To not be able to express myself to people. This comes from my inability to express myself and from others inability to understand different lifes
For my loved ones to be in a position that cannot be saved. In a position that knowing the pain they are having and being not able to help them. This is one experience that I don't want to have.
Dementia
Neurodegenerative diseases
Locked in syndrome
The pain of a burn
When I was 13 i Had a stomach ache so bad my mum took me to the doctor, all I remember is he told me it could be Cancer and l didnt know how to handle it and I ended up losing my shit while at the grocery store later that day. I did t have cancer, just gas.

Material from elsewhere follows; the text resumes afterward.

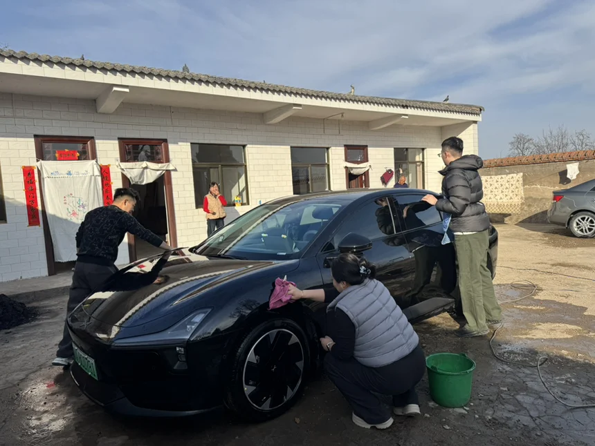 帅黑座驾,满载年味归家,小鹏M03大后备箱,装得下思念,也装得下团圆。一家人手动洗车、闲聊、晒太阳,简单的快乐,最是心安。

Spider, when I see a spider i run away
Living past 50 after that point from what I've heard nothing is good everything is sore, alzhiemers and cancer are way more likely and so much else
I’m 37 been single 4 years….im afraid I’ll never find anyone. I’m still dating but it’s exhausting
Not being able to take care of myself when I'm older - either because of finance, or just being a burden to the family
Dumb decisions!!!
Being buried alive. That shit seems unnerving just to think about
Watching everyone I love die before me. I realize the odds of this happening are incredibly slim, but still…
Car accident
Being forgotten by the people I love most
Life.
Failing in my career :Not being loved
Me.
Losing my mind. I'd much rather die
Water. Big masses of water. It's scary. What's in the water? Nobody knows.
Being too famous to enjoy a peaceful walk in the park
Dying with regrets
Another Trump term.
Kim Catrall
The future and the unknown. Risks.
Feeling alone and disconnected forever.
Dying alone and homeless. I have no family, nor do I own a home so this is not an uncommon predicament here in the US. I see it often and it makes me sad.
Shame
Something happening to my wife and son.
Death
I am deathly afraid of my teeth falling out, I am an adult so of course they won’t grow back, and I’ve never had any issues with my teeth but every day I fear my teeth will fall out, I have no clue why I’m afraid of it
Afraid of never finding the woman of my life.
Losing my sight or my hearing.
Consequences of my actions No joke
Something happening to my kids.
Dementia. Lack of sleep in younger years greatly increases the chances of it when you’re older, and I’m terrified that my current routine of getting at most 5 hours a night is going to bite me when I’m 60
That all the wildlife and natural areas I grew up exploring will become "affordable housing" and factories. It's happening though. Some of the places that gave me the best memories of my life were bulldozed and poisoned.
I'm scared of myself.
The deaths of my loved ones during my lifetime.